- **ABOUT THIS EXERCISE**: Below is a listing; restate from it, character for character, the lines beginning at the line holding "The 160 sq m" and ending at the line holding "很是清爽靓丽的一款韩式挑染发", both included.

- **DATA EXCERPTS**:
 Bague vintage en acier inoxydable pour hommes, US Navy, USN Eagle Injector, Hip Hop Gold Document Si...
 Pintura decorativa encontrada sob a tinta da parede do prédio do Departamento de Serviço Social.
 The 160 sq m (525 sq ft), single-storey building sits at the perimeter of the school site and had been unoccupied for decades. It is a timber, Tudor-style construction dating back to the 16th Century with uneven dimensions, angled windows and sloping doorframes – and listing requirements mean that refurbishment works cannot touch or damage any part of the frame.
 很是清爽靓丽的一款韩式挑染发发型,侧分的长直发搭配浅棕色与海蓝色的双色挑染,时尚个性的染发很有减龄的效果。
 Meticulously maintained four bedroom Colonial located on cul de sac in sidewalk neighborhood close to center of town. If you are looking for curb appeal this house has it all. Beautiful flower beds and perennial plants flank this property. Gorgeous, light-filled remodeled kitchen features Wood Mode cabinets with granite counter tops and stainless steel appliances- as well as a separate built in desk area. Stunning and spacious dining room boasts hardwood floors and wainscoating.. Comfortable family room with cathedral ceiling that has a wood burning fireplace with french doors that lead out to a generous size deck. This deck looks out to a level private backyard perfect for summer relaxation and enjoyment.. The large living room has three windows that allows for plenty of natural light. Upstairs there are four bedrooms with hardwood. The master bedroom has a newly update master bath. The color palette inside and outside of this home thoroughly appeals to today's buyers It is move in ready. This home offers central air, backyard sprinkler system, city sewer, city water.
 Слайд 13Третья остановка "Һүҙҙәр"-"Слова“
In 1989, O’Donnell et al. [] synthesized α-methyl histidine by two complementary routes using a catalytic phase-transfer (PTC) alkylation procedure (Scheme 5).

---

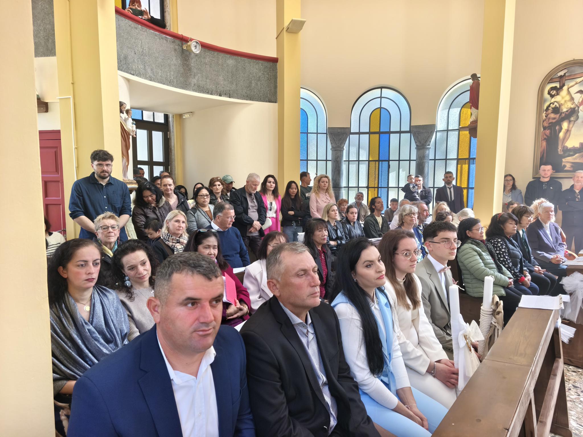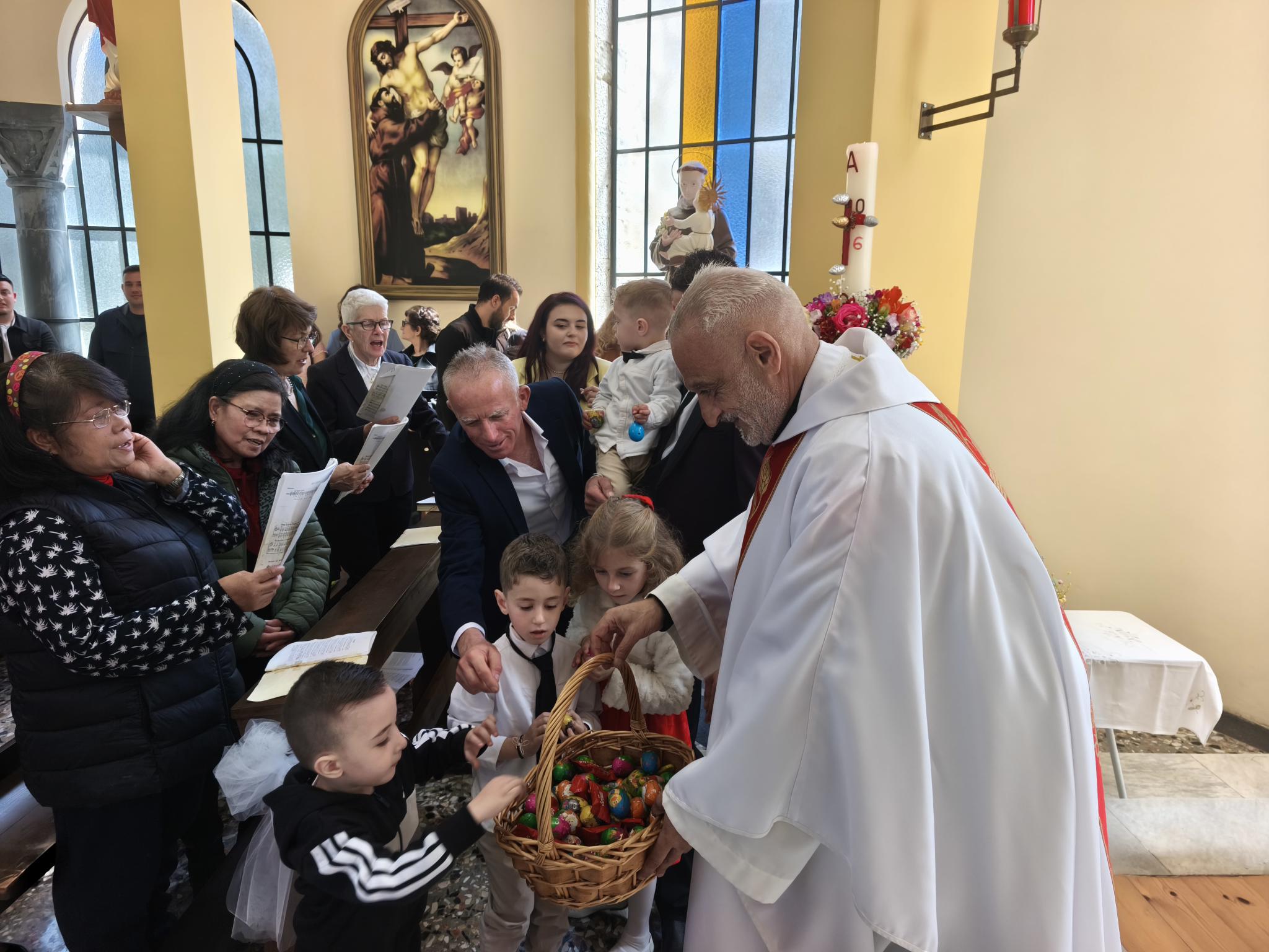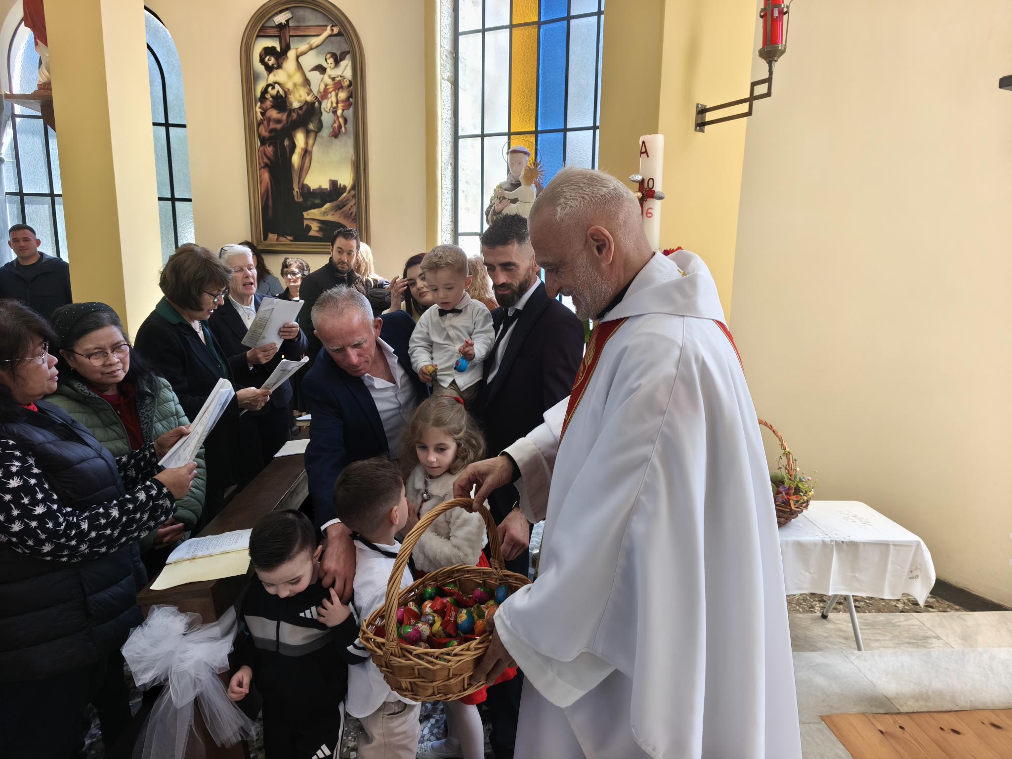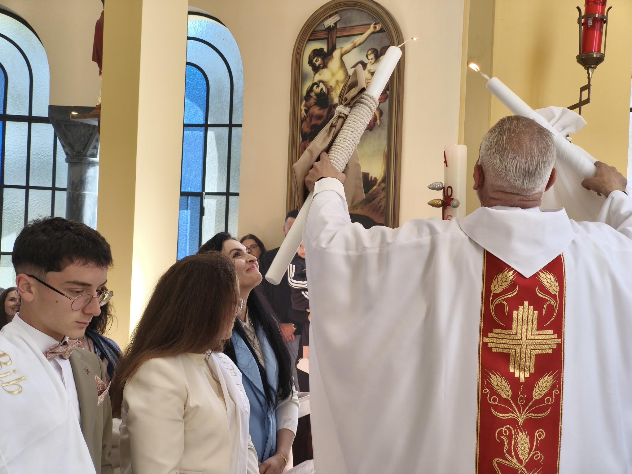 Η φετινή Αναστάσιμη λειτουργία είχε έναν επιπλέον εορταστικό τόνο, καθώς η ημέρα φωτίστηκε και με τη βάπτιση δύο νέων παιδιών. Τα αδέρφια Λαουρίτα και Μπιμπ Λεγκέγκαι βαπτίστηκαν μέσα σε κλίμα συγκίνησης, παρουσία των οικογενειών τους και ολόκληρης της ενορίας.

* * *

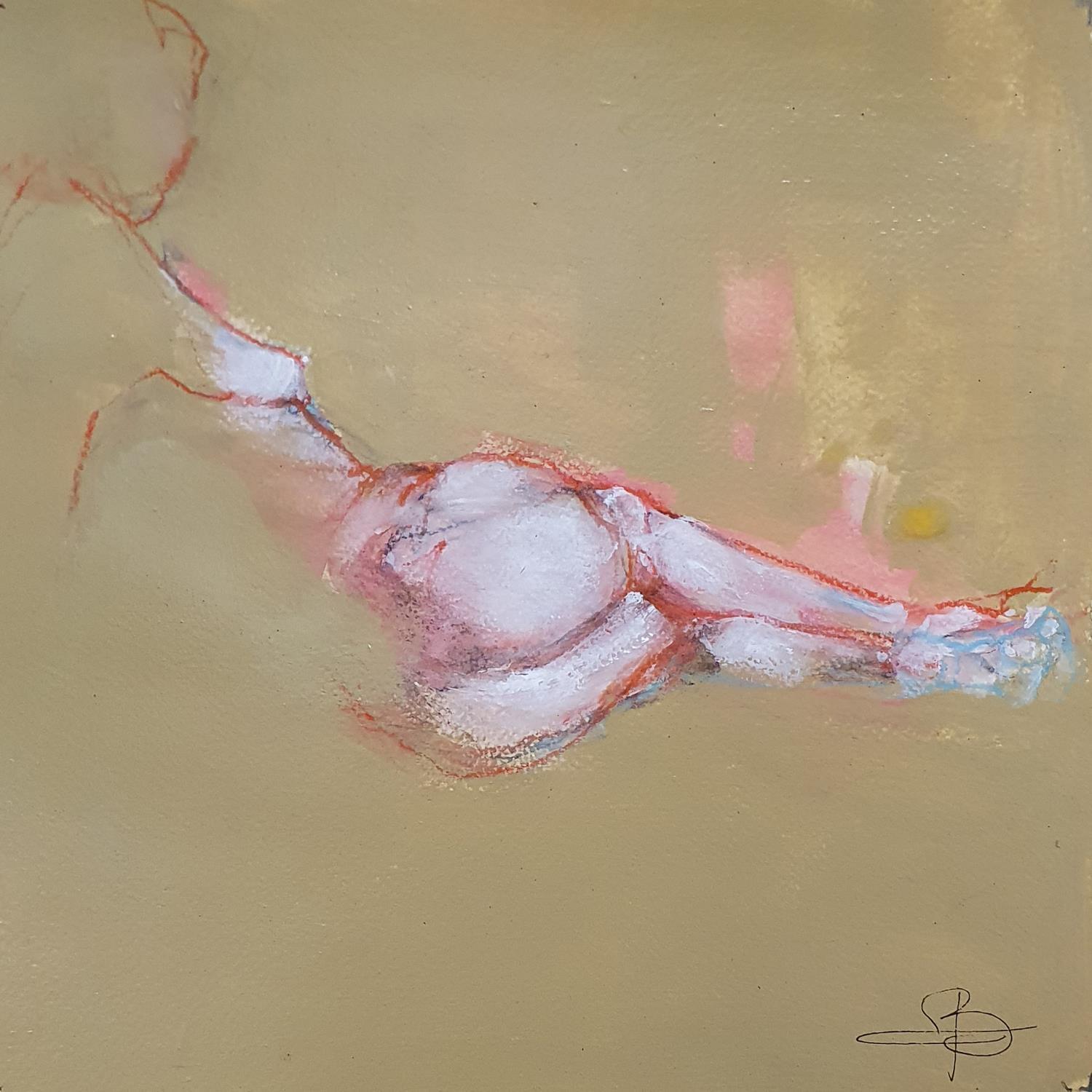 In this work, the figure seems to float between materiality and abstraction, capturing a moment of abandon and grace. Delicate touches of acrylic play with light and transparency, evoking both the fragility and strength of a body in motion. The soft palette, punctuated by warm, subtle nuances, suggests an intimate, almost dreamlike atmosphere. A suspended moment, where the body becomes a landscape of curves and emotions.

- **TASK RESULT**:
 The 160 sq m (525 sq ft), single-storey building sits at the perimeter of the school site and had been unoccupied for decades. It is a timber, Tudor-style construction dating back to the 16th Century with uneven dimensions, angled windows and sloping doorframes – and listing requirements mean that refurbishment works cannot touch or damage any part of the frame.
 很是清爽靓丽的一款韩式挑染发发型,侧分的长直发搭配浅棕色与海蓝色的双色挑染,时尚个性的染发很有减龄的效果。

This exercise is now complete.